Understated corporate comment of the month. “You have successfully reset your password. eBay is not requesting that you take any further action at this time. If you would like to call us, please know our colleagues are especially busy right now assisting other customers and we apologize in advance for making you wait.”

While I know as a Giants fans that the Dodgers could go on a tear any minute, Don Mattingly just said that L.A. “hasn’t felt like a true team at this point.” Gosh, wonder what the rea$on$ for that could be?

Hillary Clinton in March criticized Vladimir Putin “a tough guy with a thin skin.” Putin’s reply in an interview aired yesterday: “It’s better not to argue with a woman. But Ms. Clinton has never been too graceful in her statements.” Well, at least he proved the second part of her statement.

Sarah Palin is bashing Obama for releasing prisoners to free a soldier with “Anti-American views.” So I guess in future our armed forces members should fill out a political questionnaire before going to war so we can decide if they are worth saving?

Bowe Bergdahl may be a young man with some serious issues, but what would Sarah Palin and other GOP politicians be saying if he were one of THEIR sons?

A new Houston spa, called “Float Baby,” offers babies (with moms nearby) a 1 hour water floatation and infant massage for $65. This is why other countries hate us.

From T.C.  “Following Super Bowl XLIX, the following year will be marketed as Super Bowl 50, using standard numerals. Why did it take them XVIII weeks to come up with this change?   Btw, The NFL has announced that Super Bowl 50 will be played in the year MMXVI.”

What’s in a name?

May 22, 2014

50 U.S.Senators sent a letter to the NFL saying it was time for the league “to endorse a name change for the Washington, D.C. football team.” Of course the team could change from the derogatory “Redskins” to the even more derogatory “Senators.”

 

 

After her breakup with Rory McIlroy, Caroline Wozniacki said on Twitter today “It’s a hard time for me right now.” And around the world, millions of men are thinking “I could help.”.

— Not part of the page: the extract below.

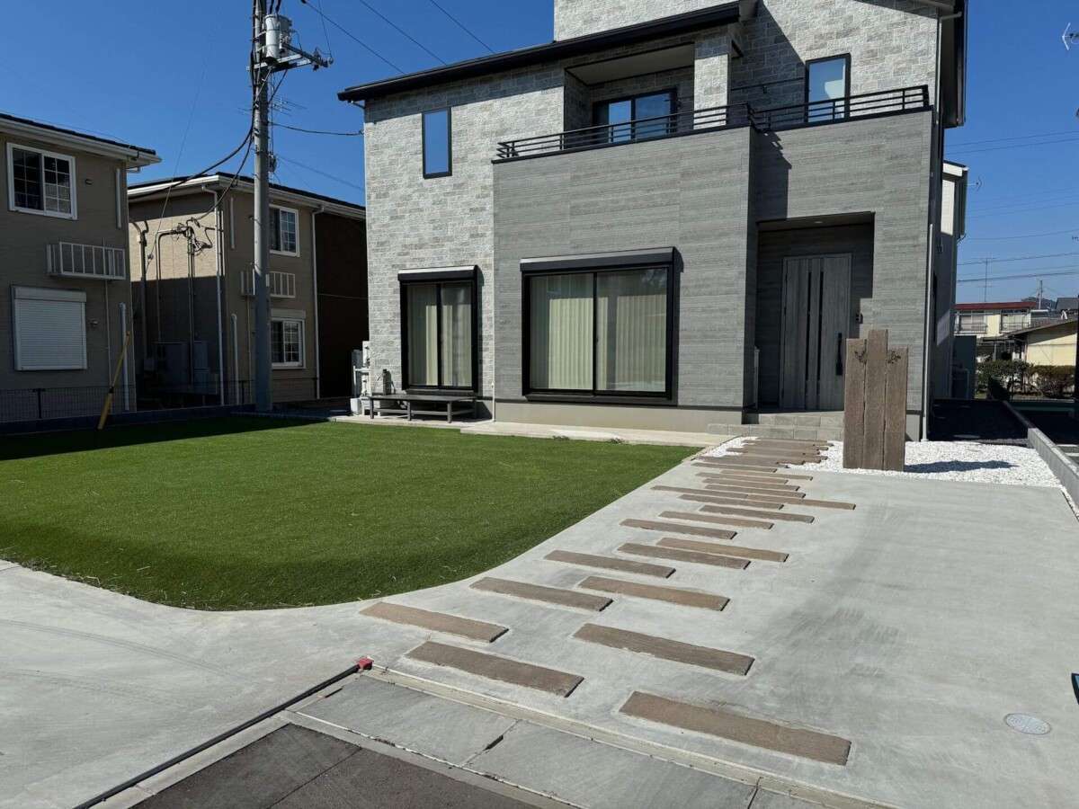 アプローチに貼った木目調の市松模様のタイルをに貼り、アクセントを付けた外構です。家の前には人工芝もあり一年中緑を感じられます。庭が広く、どうしてものっぺりしてしまうときは色の違いなどによりアクセントを付けると引き締まりま […]

Fox News anchor Gregg Jarrett was arrested for being drunk and belligerent with police at Minneapolis-St. Paul airport bar yesterday afternoon. Will Jarrett claim it was because he had a wide drinking stance?

Today’s #SFGiants Rockies game was suspended in the 6th due to weather. Will be made up when the Giants return to Denver in September. Since that’s after trade deadline and call-ups, will be interesting to see how many of the same players are still on the same teams…

 

At June’s San Diego County Fair, attendees will be able to buy a Krispy Kreme triple cheeseburger. Presumably it comes with a side of Beta Blockers?

 

A video has surfaced of an Easter sermon from “Duck Dynasty”‘s Phil Robertson “Neither the sexually immoral, nor the idolators, nor adulterers, nor male prostitutes, nor homosexual offenders, nor thieves, nor greedy, nor drunkards, nor slanderers, nor swindlers will inherit the kingdom of God.” Can’t wait for Robertson’s next appearance with some of Louisiana’s members of Congress. Especially Senator David Vitter.

Boston Red Sox pitcher Felix Doubront says he bruised his left shoulder by bumping into a car door. Was he on his way to wash his truck at the time?

(My friend JL suggests  “Baseball players should have a writer they can go to to make up believable excuses when they hurt themselves doing something that would get them fined by the team.”.   I see a new business opportunity.)

 

Mother of 19, Michelle Duggar, 47, says she has gone to a fertility doctor,if there are things physically I need to know, that I need to do, health-wise just to be ready to catch a baby if God saw fit to give us one..” And God is thinking “When I said ‘go forth and multiply’ I didn’t mean exponentially.”

Miley Cyrus denied Jennifer Lawrence’s story that Cyrus told a very drunk Lawrence to “get it together” at a post-Oscars party. Makes sense, who would ever believe Miley Cyrus would tell ANYONE to get it together?

In Virginia, a 2nd-grade teacher was arrested for allegedly being drunk while trying to teach his class. In his defense will he say he was pretending to be a pilot?

Prince Fielder is now expected to have season-ending fusion surgery to repair a herniated disk in his neck. The Texas Rangers aren’t a baseball team, they’re an episode of “Survivor.”

From Bill Litttlejohn:  “Witnesses say that Mitch ‘Wild Thing’ Williams ordered a beaning in a Little League game.The kid tried, but still threw the ball over the batter’s head and into the backstop””

So with NBA playoffs that seems to go on forever, the next game is…Saturday night? Is the league trying to become as irrelevant as American Idol?

There were no NBA playoff games tonight in either the Eastern or Western Conference. And the league is thinking, how many more off days do we need before we can stretch the postseason into, say, August?

 

 

What’s more surprising? That the Dodgers’ Zack Greinke’s stretch of 21 straight starts of allowing two or fewer runs ended, (a record that hasn’t been matched in 100 years)? Or that it ended against the NY Mets?

From Marc Ragovin;  “I’m not saying the Mets are drawing small crowds this year, but the other day a few fans at Citi Field started doing “The Ripple.”

So despite all the uproar about Mark Cuban’s comments about bigotry, this is what he actually said, “”I mean, we’re all prejudiced in one way or another. If I see a black kid in a hoodie and it’s late at night, I’m walking to the other side of the street. And if on that side of the street, there’s a guy that has tattoos all over his face — white guy, bald head, tattoos everywhere — I’m walking back to the other side of the street.” Strikes me as the most honest thing we’ve heard out of any NBA owner.

Crime$ and mi$demeanor$?

May 14, 2014

90 people were arrested today, 50 in Florida, for Medicare fraud schemes estimated to total $260 million. But to be fair, the Florida folks say they were just training to run for Governor.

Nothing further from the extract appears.